59871.fb2
Перед самой революцией мне пришлось подойти вплотную к его живописи, — прежде я долго не умел разглядеть ее, как следует: она казалась гораздо менее значительной, чем личность Бенуа, его образованность, вкус и всему открытый ум (то, что называется ум талантливый, сквозящий в каждом слове и в каждом умолчании)… В ту пору готовилась к печати одним петербургским издательством иллюстрированная монография о Бенуа; я должен был, в числе других, написать о его пейзажах. Несколько раз захаживал я к нему в кабинет-мастерскую на Васильевском Острове; он раскрывал передо мною папки, наполненные версальскими этюдами, видами Бретани, итальянских озер, Крыма, эскизами костюмов и декораций для театральных постановок.
Сам художник придавал особое значение именно своим пейзажам, «скромным наблюдениям природы», как он говорил, не стилизованным композициям, не выдумкам и обольщениям своего «театра». И в самом деле, многое в этих «скромных» пейзажных этюдах меня поразило тогда: какая-то японская четкость формы, верность глаза, свобода рисунка, выразительность пятна. То, что представлялось мало оригинальным, почти ученическим на выставках, вдруг ожило в рабочей обстановке, выглянув на свет из объемистых папок художника. Эти этюды с натуры, насыщенные одухотворенным артистизмом, до сих пор живы в моей памяти.
Бретань?.. Конечно, Бретань: изрезанный берег, скалы подползли к самому морю, насупленные как развалины замков; отчетливо чередуются профили их, не отражаясь в воде, с лиловыми гребнями, торчащими на поверхности. А вот берег — издали, сверху, поле с хлебом в копнах, длинные борозды меж, клин морского заливчика и покатые холмы на горизонте; огромные серые облака обступили кусочек синего неба. И еще — дорога, береговая, как всё в этой стране, живущей морем и воспоминаниями о викингах; дорога врезалась в песчаную землю, забросанную валунами, и огибает островок каменных хижин, точно приросших друг к другу. Таких побережий много — с фигурами крестьянок в белых крылатых чепцах, на пригорках и подле старинных, сморщенных церквей у желтеющих отмелей, ощетинившихся низкой обветренной елью…

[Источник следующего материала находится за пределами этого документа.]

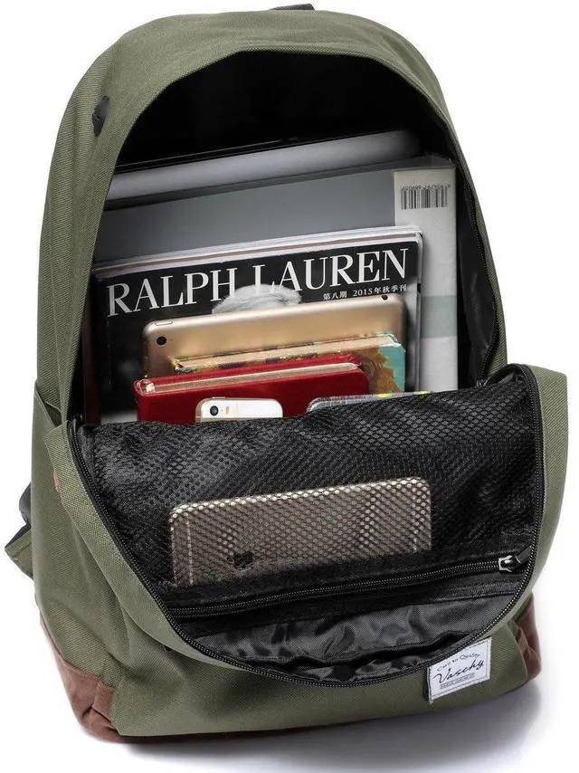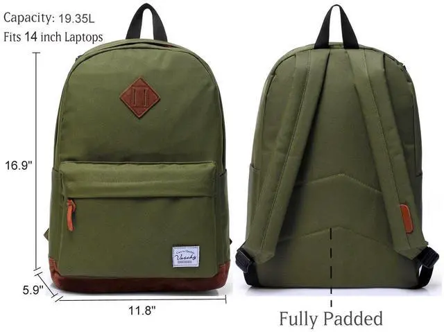 VASCHY Unisex Classic Lightweight Water-resistant Campus School Rucksack Travel BackPack Green Fits 15.6I nch Laptop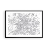 Poster in einem schwarzem Rahmen - Detaillierter schwarz-weißer Stadtplan - 70x50cm - Berliner Blume - Moderne Wanddekoration für Wohnzimmer und Schlafzimmer ARTTOR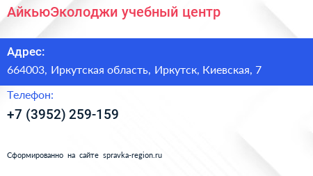 АйкьюЭколоджи, учебный центр по адресу 664003, Иркутская область, Иркутск, Киевская, 7 в дальнейшем Организация, размещена в следующих категориях: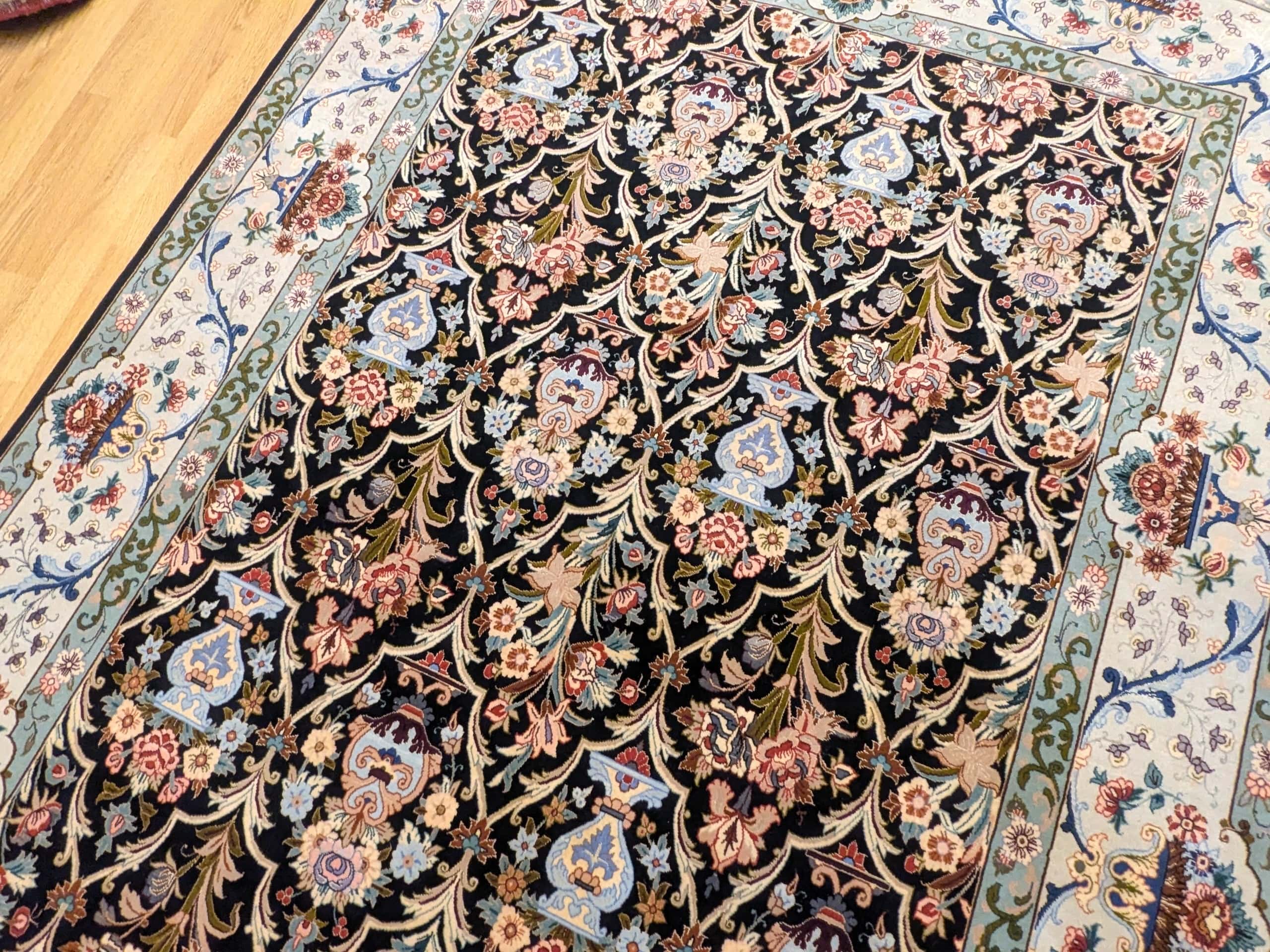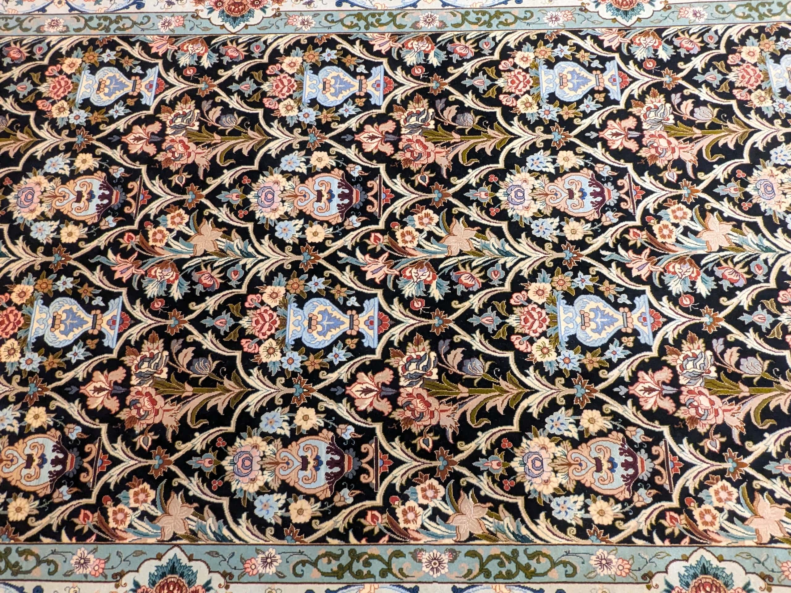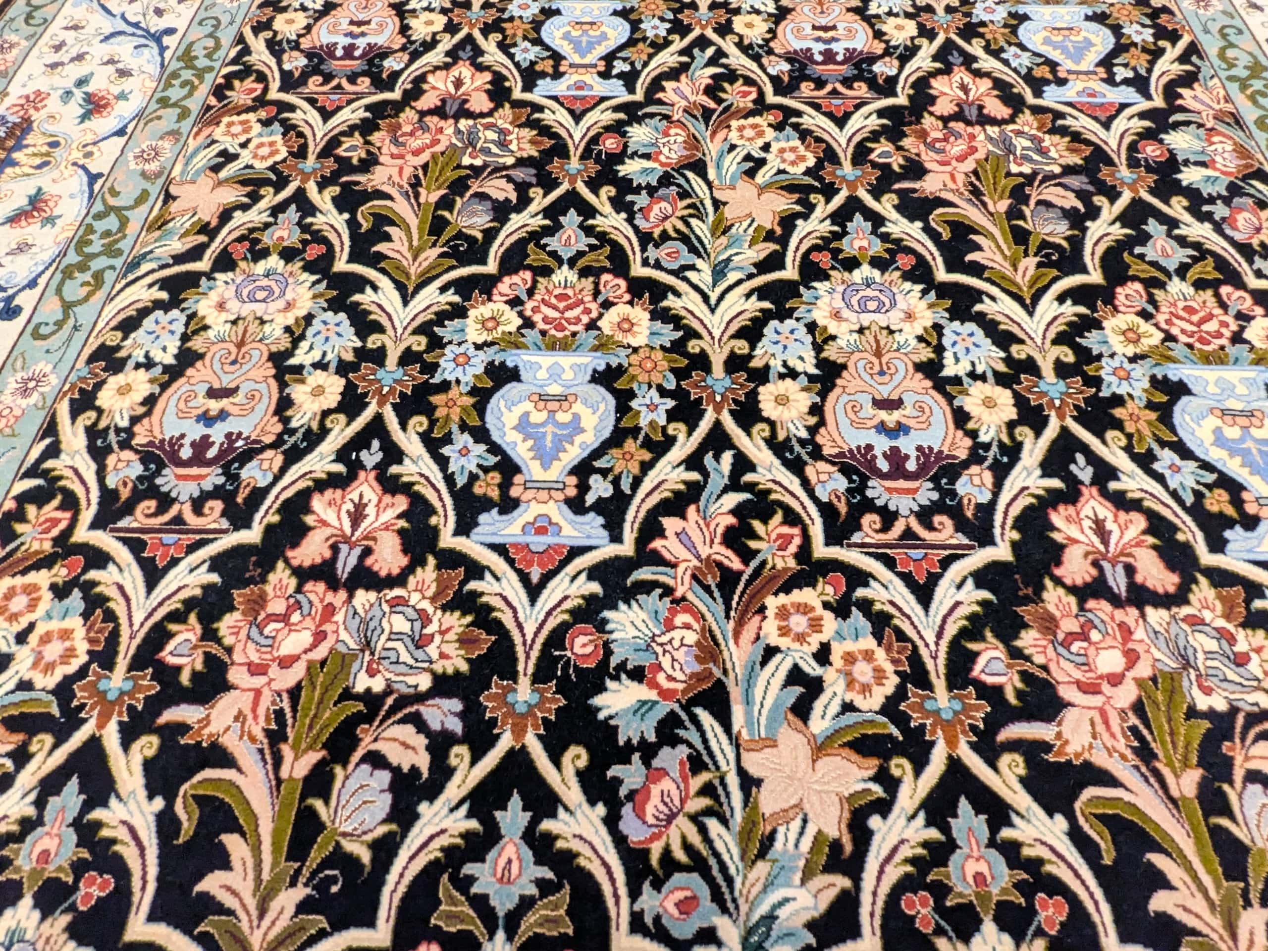 • Un chef-d’œuvre de complexité : Les arabesques florales et les vases stylisés révèlent un travail d’orfèvre, fidèle à la tradition d’Ispahan.

Но Бретань прячется в папки и взамен вынимаются уголки каких-то модных пляжей с играющей на песке детворой и по импрессионистски солнечными пятнами. Потом мелькают таврические рощи, фонтаны Петергофа, любимые художником окрестности Лугано: вечнозеленые, мягко-очерченные холмы вокруг озера, кое-где башенки деревенских колоколен над кудрями магнолий и туй… Но дольше засматриваешься невольно на этюды Версаля, — ведь самые популярные картины и театральные постановки Бенуа принадлежат к версальскому циклу…
Сады Версаля, эти сады, похожие на ряды зеленых комнат с паркетами-газонами и деревцами, подстриженными в виде кубов и шаров; эти боскеты, белеющие статуями Жирардона, Куазво, Кусту, с лабиринтами дорожек, обсаженных буксусом и карликовыми лиственницами: боскеты Аполлона, Нептуна, Четырех времен года, Водяной партер, боскет Большой залы, боскет Колоннады, боскеты Звезды, Зеркала, Обелиска…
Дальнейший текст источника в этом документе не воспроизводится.